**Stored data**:
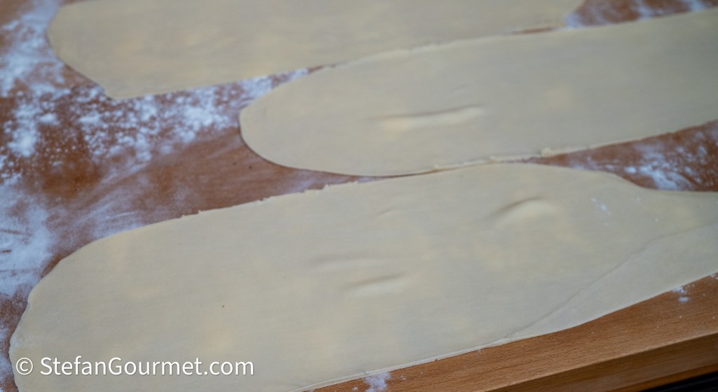 Roll out the pasta dough into thin sheets, and place them on a floured work surface so they don’t get stuck.
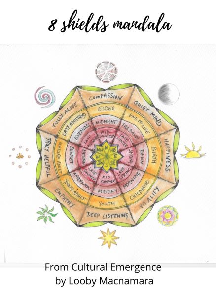 The 8 Shields model is explored in depth in Cultural Emergence, with reference to how to develop each attribute of connection. Each direction has activities to guide us in connecting to ourselves, each other and the more than human world.
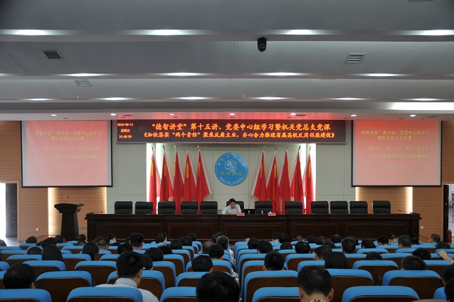 ,学校在逸夫图书馆报告厅举行德智讲堂第15讲,特邀省纪委委员、省纪委第四纪检监察室主任彭龙祥作题为《加快落实“两个责任”聚焦反腐主业,齐心合力推进省属高校反腐倡廉建设》的专题报告。讲堂由学校党委书记李建华主持,在家的校领导,在职在岗副科以上干部,机关全体党员,各党总支部、直属党支部纪检委员,党支部书记参加了此次讲堂。
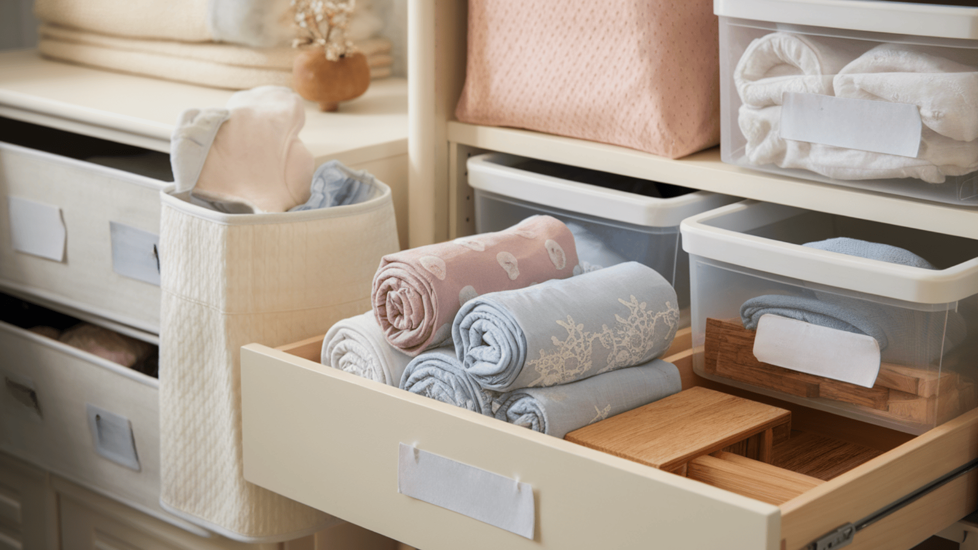 Organize baby clothes by size and type in labeled bins, drawers, or closet dividers to quickly find what you need during hectic days. Rolling onesies instead of folding saves space and reduces wrinkles.
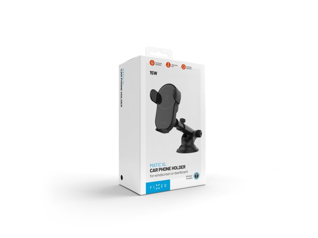 Automatický držák do auta FIXED Matic XL přináší pohodlí i během jízdy – spojuje bezpečné upevnění vašeho mobilního telefonu s rychlým bezdrátovým nabíjením až 15 W. Tento držák je navržen tak, aby poskytoval moderní funkce a flexibilní možnosti umístění přímo ve vašem voze.
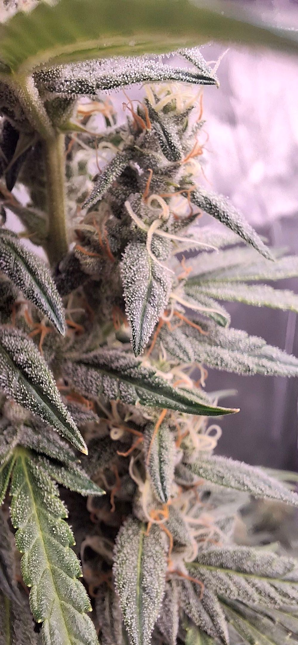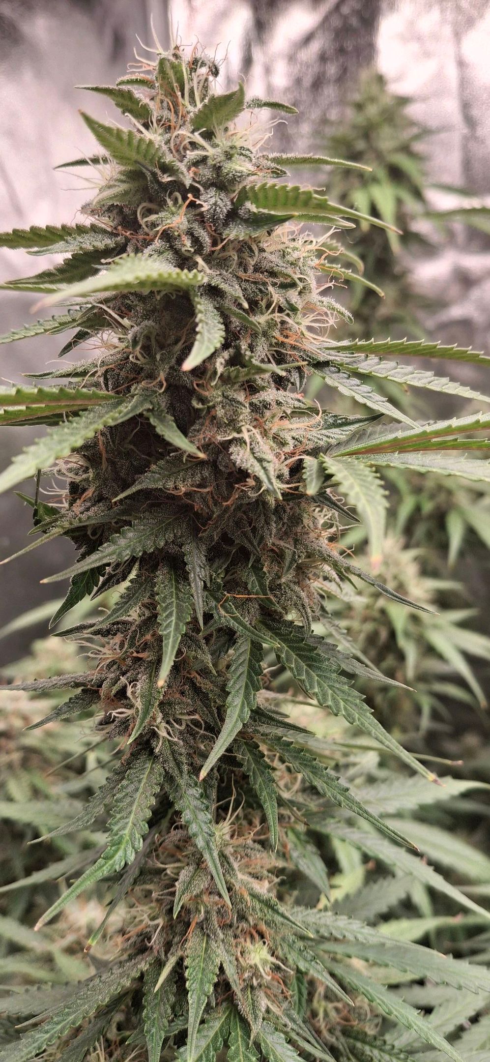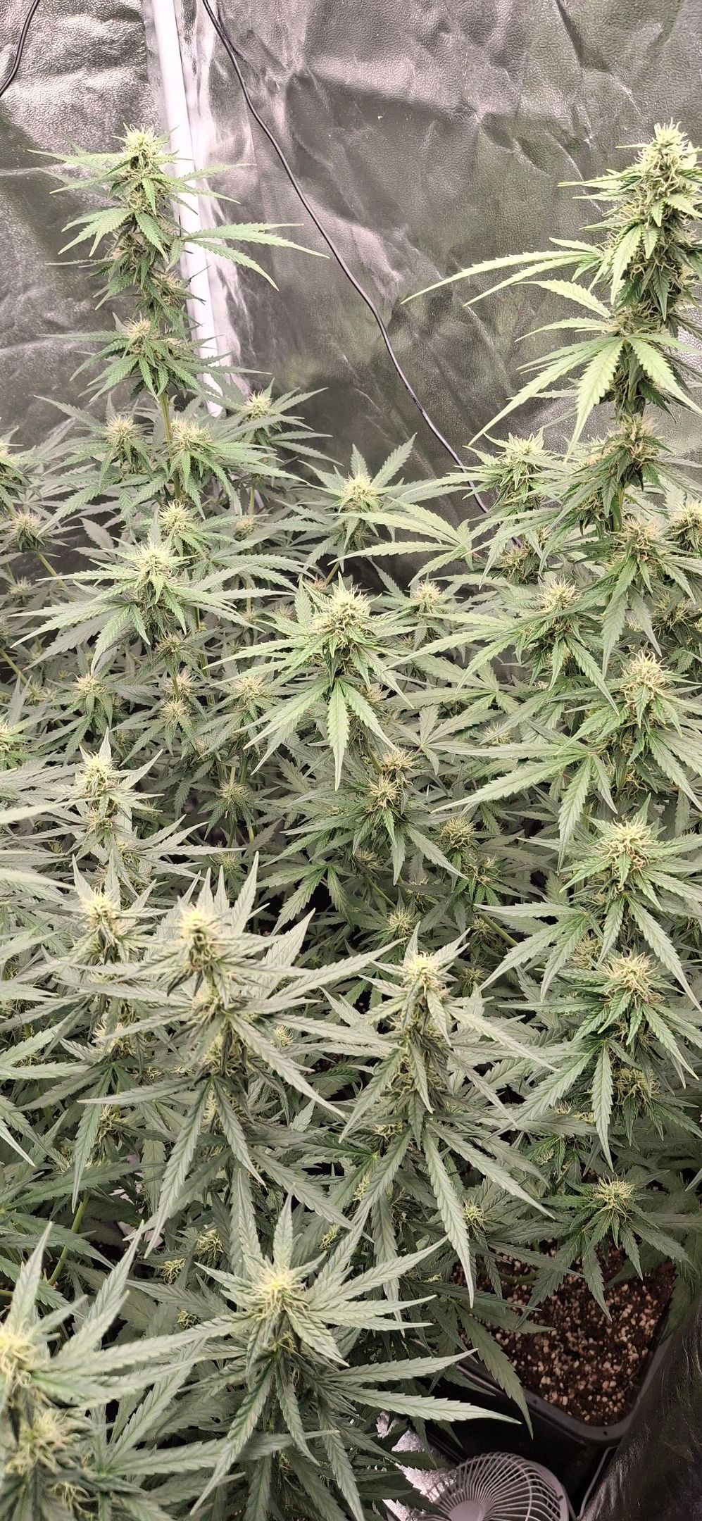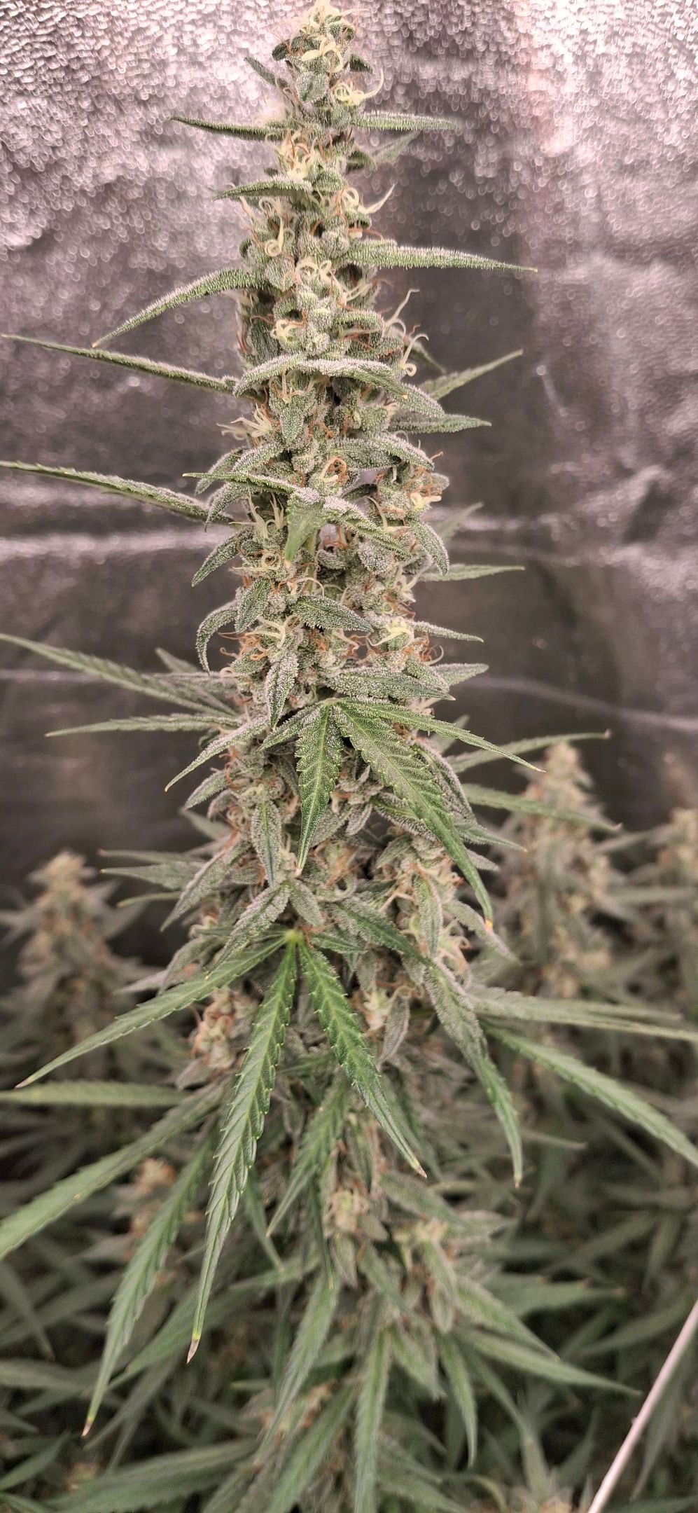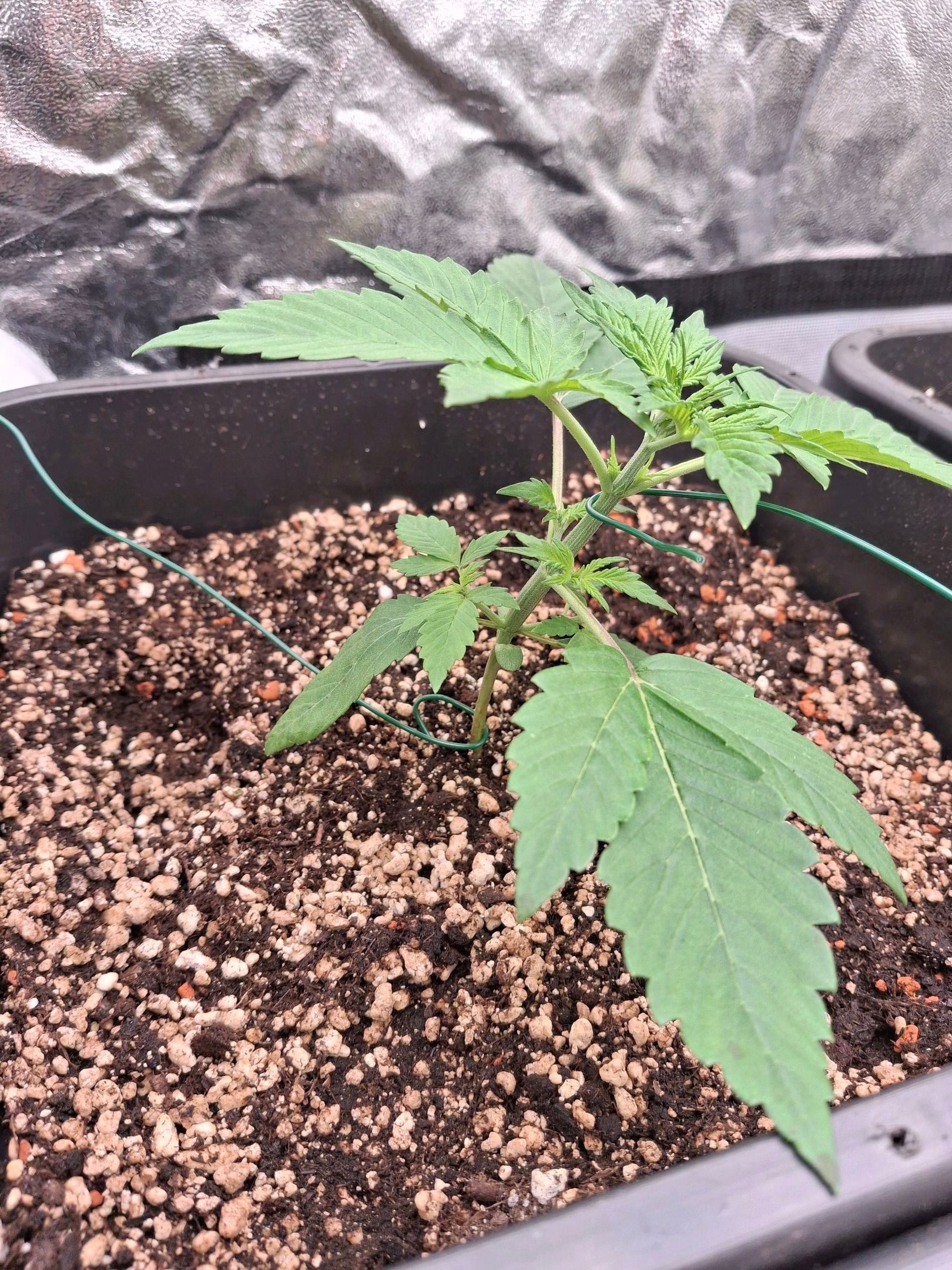Nach 24h abgeschnitten, große Blätter entfernt und für die nächste Woche zum trocknen im Abluftzelt aufgehängt

**Task**: Word-for-word restatement: every line from the one with "Automatický držák do" through the final line of the data, both ends included, pictures excluded.

**Response to the exercise**:
 Automatický držák do auta FIXED Matic XL přináší pohodlí i během jízdy – spojuje bezpečné upevnění vašeho mobilního telefonu s rychlým bezdrátovým nabíjením až 15 W. Tento držák je navržen tak, aby poskytoval moderní funkce a flexibilní možnosti umístění přímo ve vašem voze.
Nach 24h abgeschnitten, große Blätter entfernt und für die nächste Woche zum trocknen im Abluftzelt aufgehängt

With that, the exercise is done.